İslâm'ın beş temel ibadetinden biri olan beş
vakit namazdan sabah vaktinde kılınanı. Diğer farz namazlarla birlikte
Hicret'ten bir buçuk yıl önce Mirac gecesi farz kılınmıştır. Adını, kılındığı
vakitten alır. İki rekât sünnet-i müekkede, iki rekât da farz-ı ayn olmak üzere
toplam dört rekâttır. Arapça'da sabah namazına "salatül-fecr" denir. Kur'ân-ı
Kerim'de, "Gündüzün iki tarafında (sabah ve akşam) ve geceye yakın saatlerde
(yatsı namaz kıl) çünkü iyilikler kötülükleri giderir. Bu, ibret alanlara bir
öğüttür" (Hud, 11 / 114); ve "Akşamlarken ve sabahlarken, öğle ve ikindi
vaktinde göklerde ve yerde hamd O'na mahsus olan Allah'ı tespih edin, namazı
kılın" (er-Rum, 30/ 17,18) buyurularak beş vakit ile birlikte sabah namazı da
farz olarak müslümanlara emredilmektedir.

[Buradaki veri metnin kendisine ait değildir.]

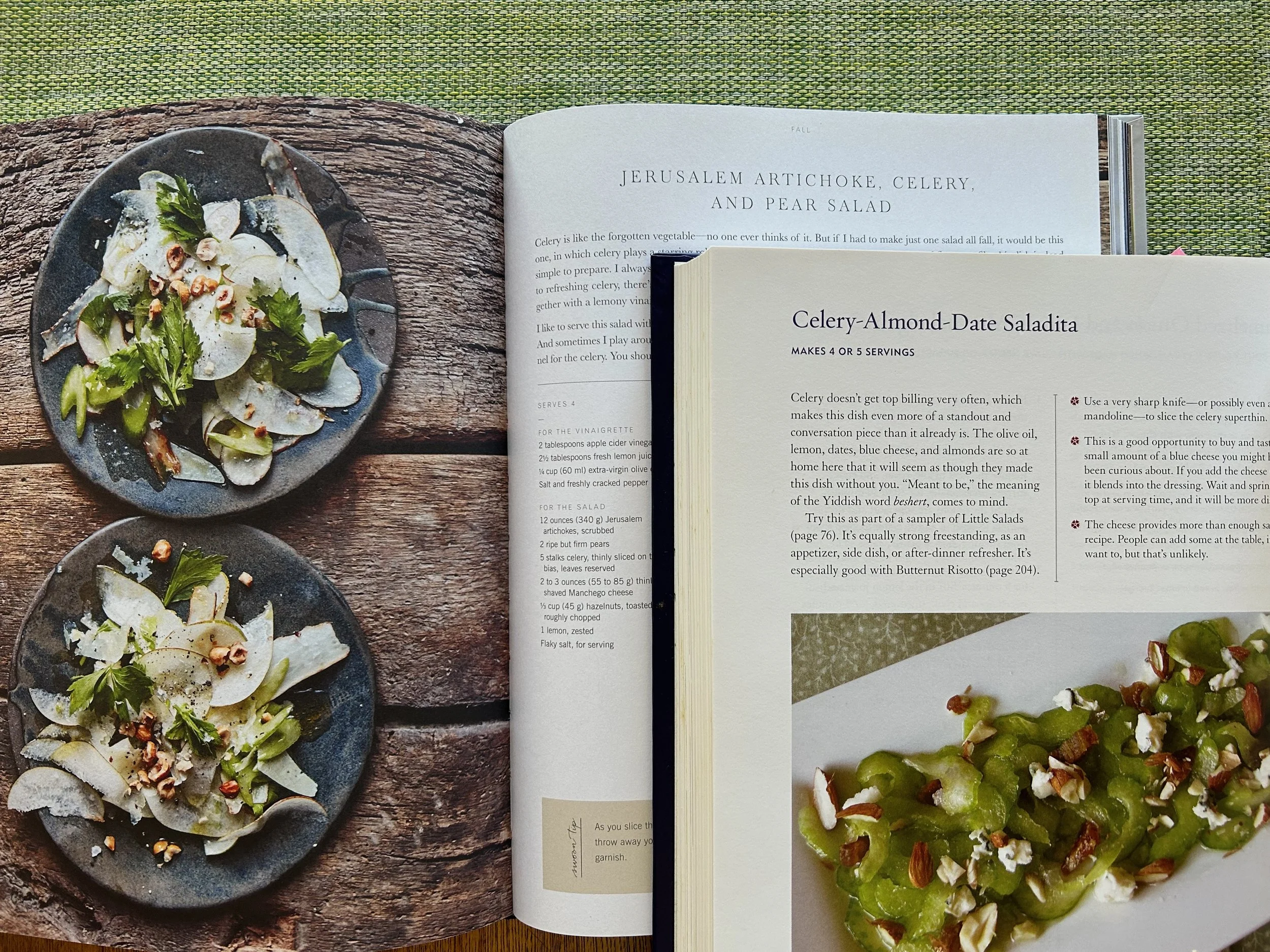 I did a riff on Celery-Almond-Date Saladita with subs for what was on hand: pistachios, dried cranberries and herb goat cheese. I’ll make it again with surplus celery for the pleasant flavors and textures.
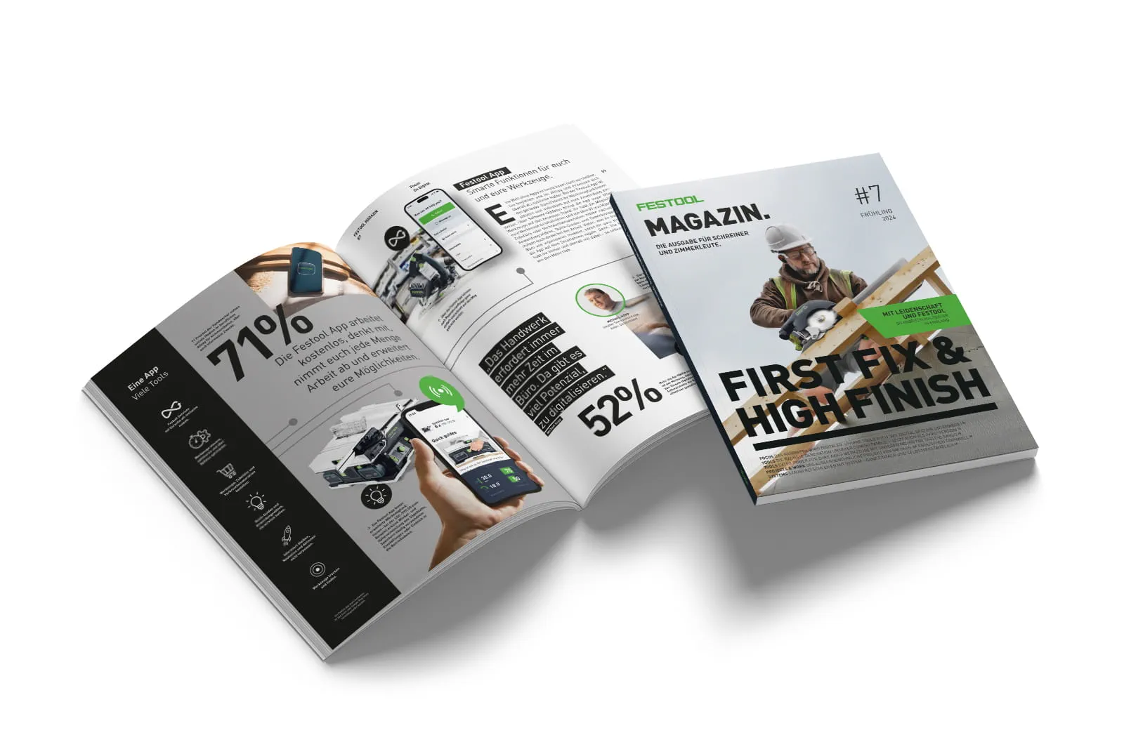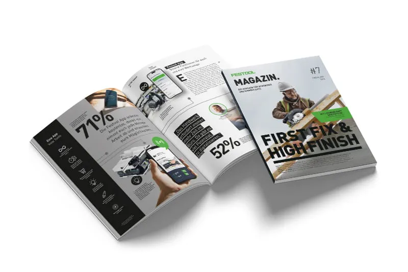 Pavimenti senza fughe ai massimi livelli, nuove levigatrici a batteria con anello luminoso, maggiore potenza grazie alle batterie senza linguetta e strumenti digitali intelligenti per il lavoro quotidiano in cantiere: nella nuova rivista Festool dedicata agli imbianchini, veri professionisti mostrano come funziona oggi l'artigianato moderno. Inoltre, pratiche soluzioni di sistema per una levigatura senza polvere, progetti stimolanti e tanti nuovi strumenti intelligenti.
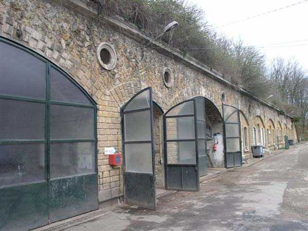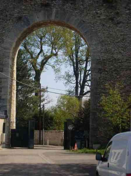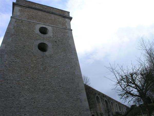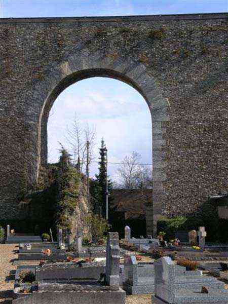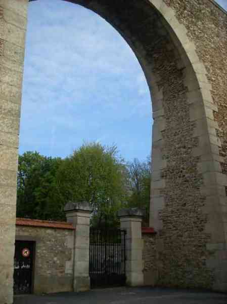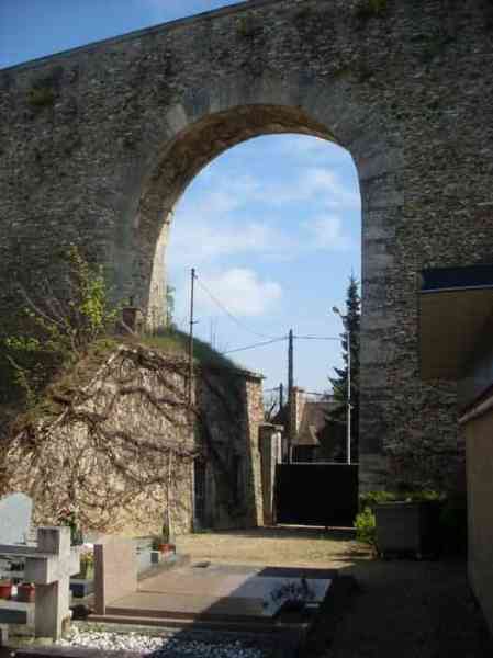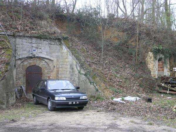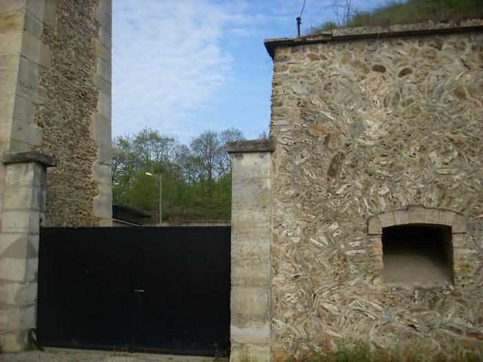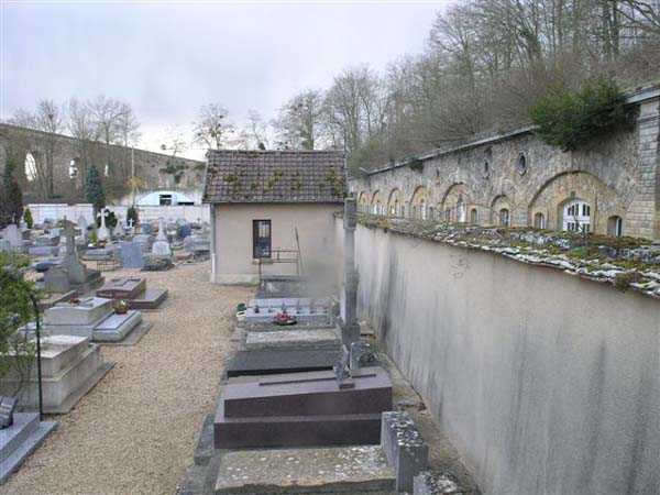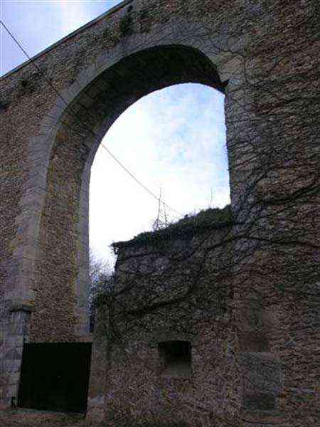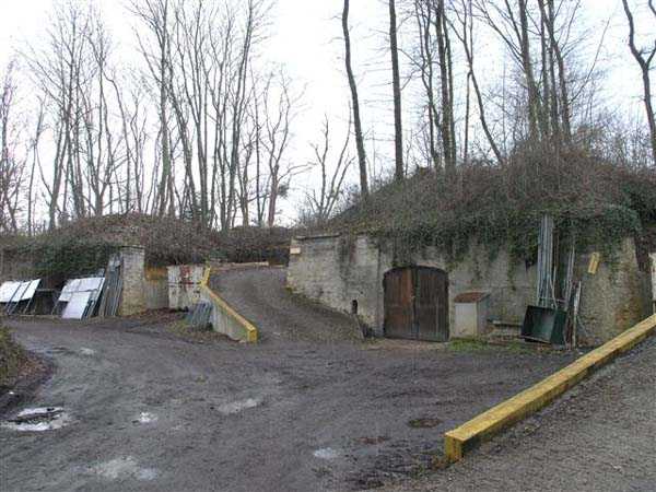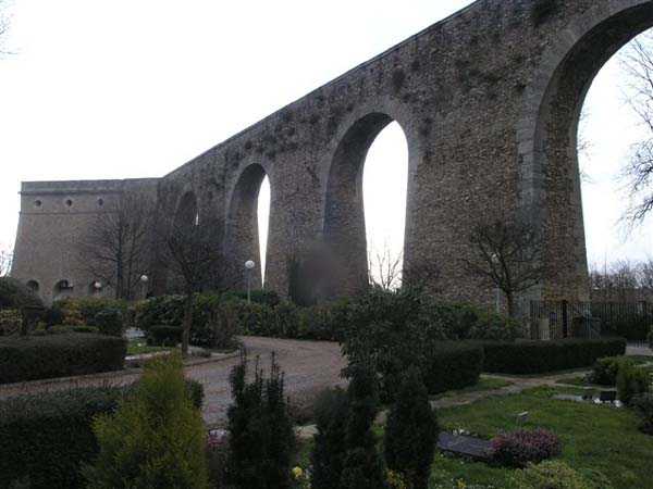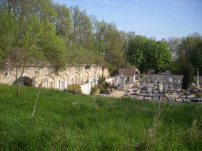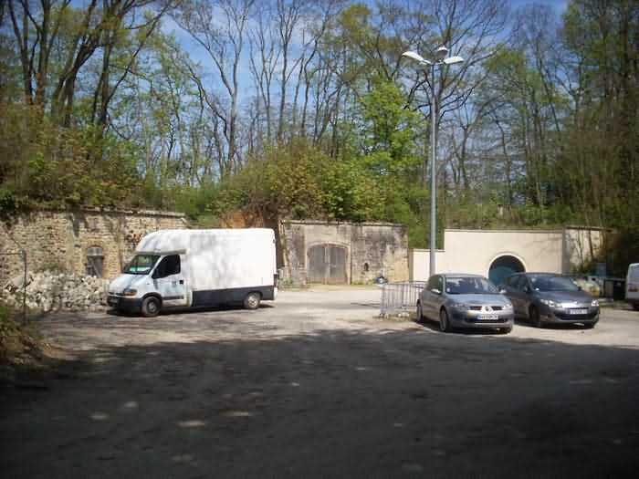 Fortress Paris, west of the city, 1879-1880. Masonry annex to the redoubt of the Trou d'Enfer. 164 men, 18 guns. Battery with the particularity of being established around a cemetery, that of Louveciennes. The gorge is marked by the pillars of the arches of an aqueduct and the entrance rests on one of them. The battery takes the form of an irregular pentagon and only fronts II-III and III-IV seem to have been defended, where necessary, by a double caponier. The barracks are aligned along the western flank of the cemetery. It comprises eight small bays on a single level. On its left, it is crossed by a covered passage giving access to the southern limit of the rue du rempart, which goes around the barracks and cemetery along seven sleepers, mostly of the 1879 model and coated. This line of sleepers abuts, not far from salient V, on the mass of the powder magazine. The perimeter of the battery was partially destroyed in 1972. Currently (03/2007) the municipality has installed a waste disposal site there and the barracks is occupied by services and a small theater troupe. The ditch is completely filled in and the powder magazine serves as a boiler room. This battery is worth the trip due to the originality of its environment. The initial entrance, with guardhouse, opens between two piers of the aqueduct. At the time, the cemetery was only located on the right where older graves (1828, 1842, etc.) can be found before spilling out to the left, but also beyond the powder magazine, probably after the decommissioning of the battery. The Louveciennes aqueduct, built between 1681 and 1685, is 640 meters long and has 36 arches, each 23 meters high. Powered by the famous Marly machine pumping water from the Seine, it is hard to believe that the sole purpose of such a gigantic structure was to guarantee the correct pressure and height for the water jets in the parks of the châteaux of Marly and, later, Versailles. The cemetery is home to some famous figures, such as Emmanuel Frémiet, the sculptor who created the statue of Joan of Arc in Paris and the Archangel Saint Michael on Mont Saint-Michel.

Vakti: Sabaha karşı doğu tarafında yayılan
beyazlık ile göğün etrafında karanlık açıldığı zamandan itibaren başlar ve güneş
doğuncaya kadar devam eder. Gökyüzünün doğu tarafında aydınlığın oluşmasına fecr
denir; ancak sabah namazı vakti girmeden önceki aydınlanmaya "fecr-i kâzip
(yalancı fecr)" adı verilir ki; bu zaman içinde sabah namazı
kılınmaz.
"Fecr-i kâzip" aydınlığı bir süre devam
ettikten sonra ortalık tekrar kararır, ardından ikinci kez ufuk aydınlanır; işte
buna "fecr-i sâdık (gerçek fecr)" denir. İşte, sabah namazı bundan sonra
kılınmaya başlanır, güneşin doğuşuyla birlikte sabah namazının vakti
çıkar.
Sabah namazını, vaktin evvelinde mi yoksa
güneşin doğuşuna yakın bir zamanda mı kılmak gerektiği hakkında İslâm âlimleri,
değişik hadisleri ölçü alarak, farklı görüşler ileri sürmüşlerdir. Meselâ, Hz.
Aişe'nin rivayet ettiği "Rasûlüllah sabah namazını kılarlardı da, mü'minlerden
kadınlar "mırt' denen örtüleriyle kapanarak hazır bulunurlar; sonra evlerine
dönerlerdi ki, onları kimse tanıyamazdı" hadisini yorumlayan Şâfiî, Mâlikî ve
Hanbelî alimleri, kadınların tanınmamasının nedeni olarak karanlığın koyuluğunu
kabul ederler; bundan dolayı da sabah namazının efdal vaktinin karanlığın hakim
olduğu ilk vakit olduğu kanaatine varırlar. Hanefiler ise, kadınların
tanınmamalarının nedeni olarak karanlığı değil, onların bütün vücutlarını
kapatmalarını gösterir; bundan dolayı da güneşin doğmasına yakın olan
alacakaranlıkta kılınmasının daha faziletli olduğunu kabul ederler. Hanefileri
destekler nitelikteki bir diğer hadis de şöyledir: Ebu Berze bildiriyor: "Hz.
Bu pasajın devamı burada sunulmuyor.